Exercise |
In the data below, set down exactly the lines from the one containing "In the OVX group, there" up to and including the one containing "셔츠형태의 데님 자켓으로 오버핏의 네츄럴한 착용감이 돋보이는 제품입니다.". Leave the pictures out.

Dataset extract |
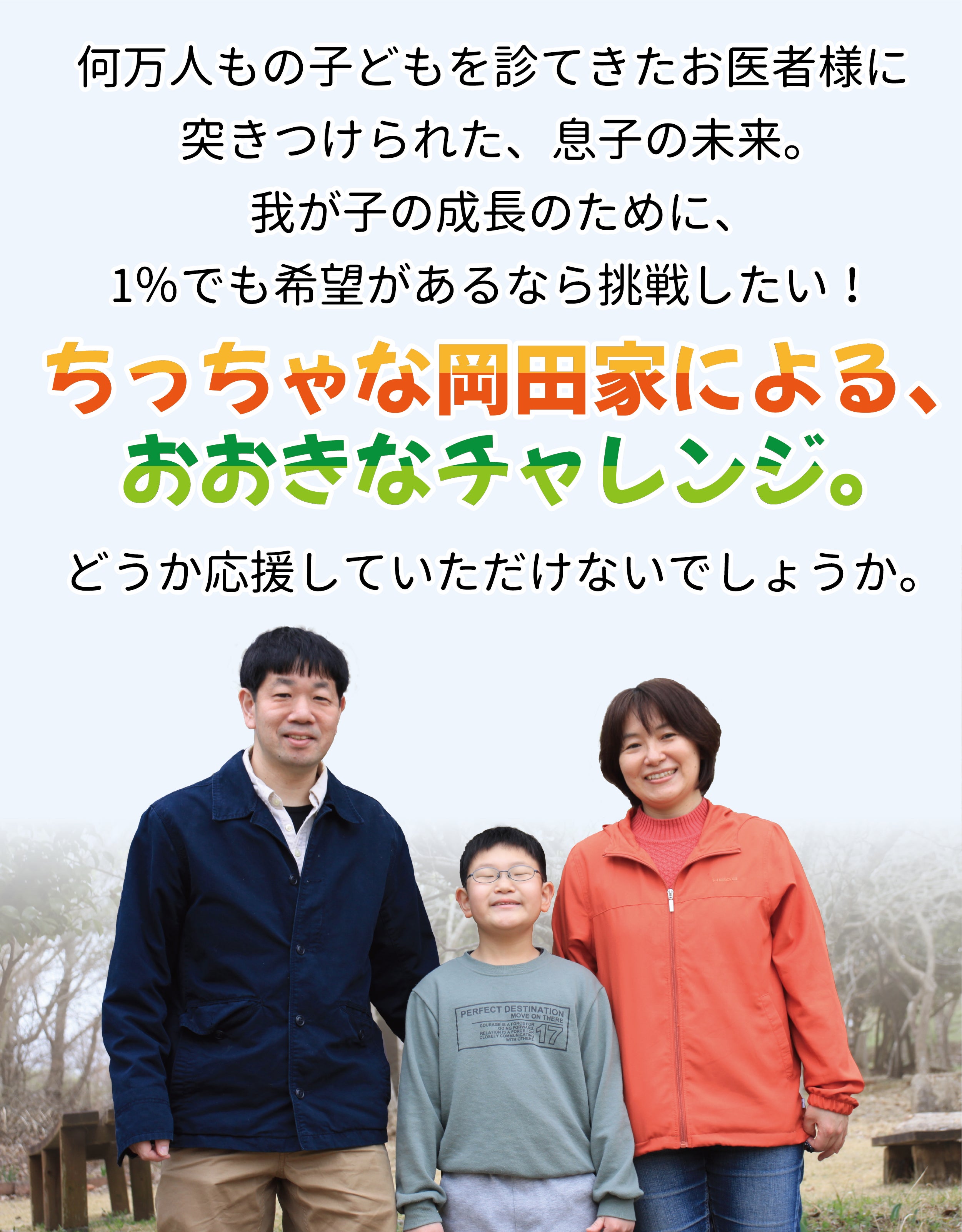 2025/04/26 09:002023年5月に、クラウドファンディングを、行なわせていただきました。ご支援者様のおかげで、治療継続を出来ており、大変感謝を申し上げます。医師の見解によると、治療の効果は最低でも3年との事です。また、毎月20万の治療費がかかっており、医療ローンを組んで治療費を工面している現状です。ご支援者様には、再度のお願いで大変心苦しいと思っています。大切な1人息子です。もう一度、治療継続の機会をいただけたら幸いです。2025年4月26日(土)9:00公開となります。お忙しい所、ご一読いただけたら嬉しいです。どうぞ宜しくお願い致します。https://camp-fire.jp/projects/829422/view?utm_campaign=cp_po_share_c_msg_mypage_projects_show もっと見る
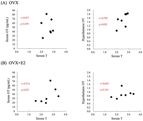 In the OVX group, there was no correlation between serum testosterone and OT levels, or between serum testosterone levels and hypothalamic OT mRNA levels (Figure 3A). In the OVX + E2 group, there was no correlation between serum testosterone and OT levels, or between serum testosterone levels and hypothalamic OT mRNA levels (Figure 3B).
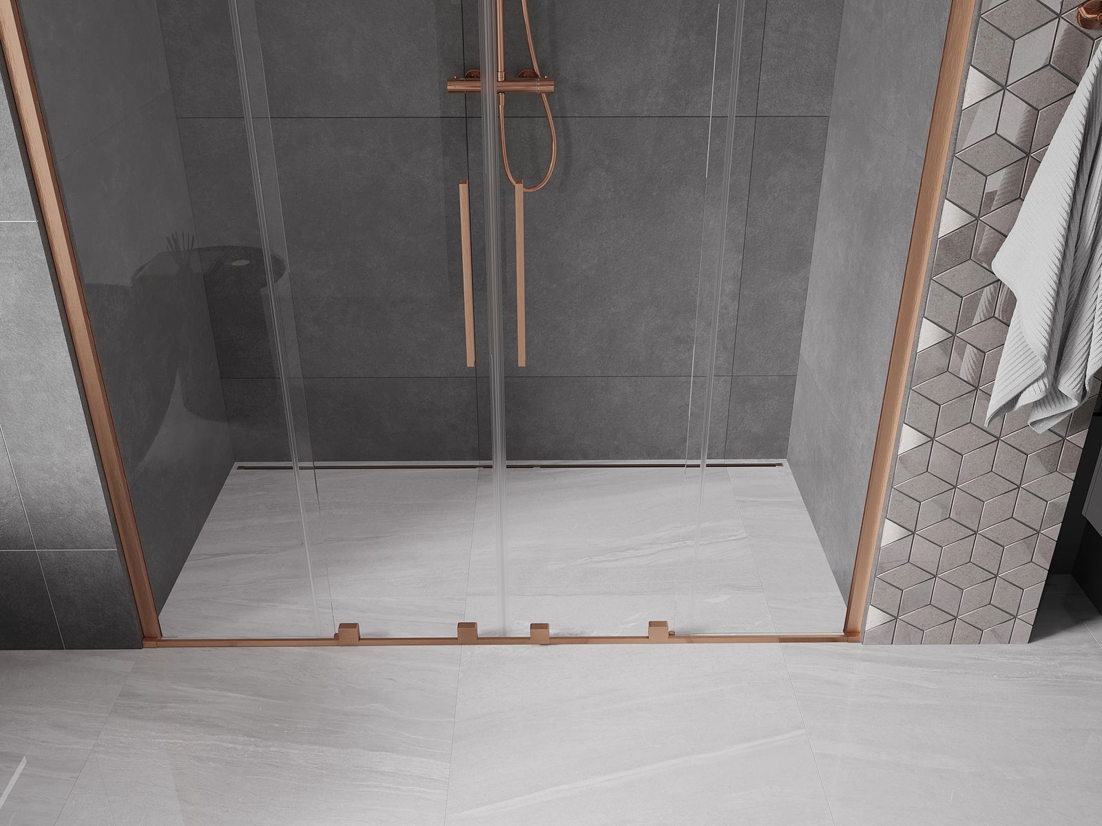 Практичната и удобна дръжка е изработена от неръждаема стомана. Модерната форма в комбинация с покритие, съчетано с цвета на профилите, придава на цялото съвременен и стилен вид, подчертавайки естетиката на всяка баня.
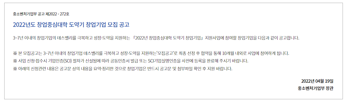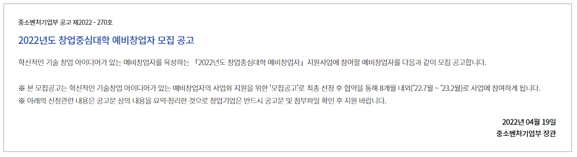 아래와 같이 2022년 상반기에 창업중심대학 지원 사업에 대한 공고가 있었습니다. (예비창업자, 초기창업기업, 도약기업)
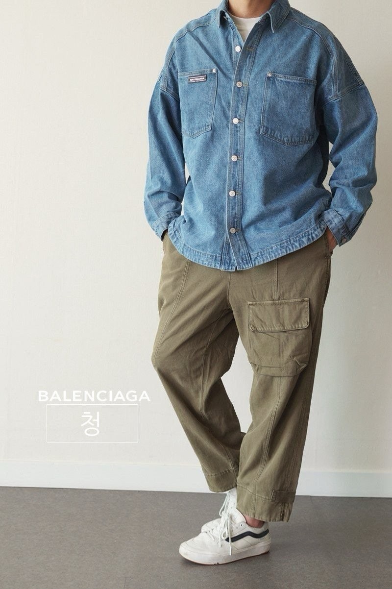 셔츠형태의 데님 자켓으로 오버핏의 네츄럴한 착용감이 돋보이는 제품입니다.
==
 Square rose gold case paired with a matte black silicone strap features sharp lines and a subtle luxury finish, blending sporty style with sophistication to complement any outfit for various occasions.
---
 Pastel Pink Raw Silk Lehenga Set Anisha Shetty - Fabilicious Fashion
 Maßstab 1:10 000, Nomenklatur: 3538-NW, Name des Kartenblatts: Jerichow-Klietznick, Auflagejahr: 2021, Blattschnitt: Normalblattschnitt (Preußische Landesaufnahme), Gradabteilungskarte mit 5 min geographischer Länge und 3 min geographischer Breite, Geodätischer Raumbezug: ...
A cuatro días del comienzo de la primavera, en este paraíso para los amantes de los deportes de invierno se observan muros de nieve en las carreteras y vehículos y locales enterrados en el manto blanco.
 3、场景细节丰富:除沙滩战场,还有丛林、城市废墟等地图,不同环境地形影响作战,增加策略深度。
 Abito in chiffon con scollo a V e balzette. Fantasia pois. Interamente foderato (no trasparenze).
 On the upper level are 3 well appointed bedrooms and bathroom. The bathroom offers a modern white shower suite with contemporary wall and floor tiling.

Exercise result |
 In the OVX group, there was no correlation between serum testosterone and OT levels, or between serum testosterone levels and hypothalamic OT mRNA levels (Figure 3A). In the OVX + E2 group, there was no correlation between serum testosterone and OT levels, or between serum testosterone levels and hypothalamic OT mRNA levels (Figure 3B).
 Практичната и удобна дръжка е изработена от неръждаема стомана. Модерната форма в комбинация с покритие, съчетано с цвета на профилите, придава на цялото съвременен и стилен вид, подчертавайки естетиката на всяка баня.
 아래와 같이 2022년 상반기에 창업중심대학 지원 사업에 대한 공고가 있었습니다. (예비창업자, 초기창업기업, 도약기업)
 셔츠형태의 데님 자켓으로 오버핏의 네츄럴한 착용감이 돋보이는 제품입니다.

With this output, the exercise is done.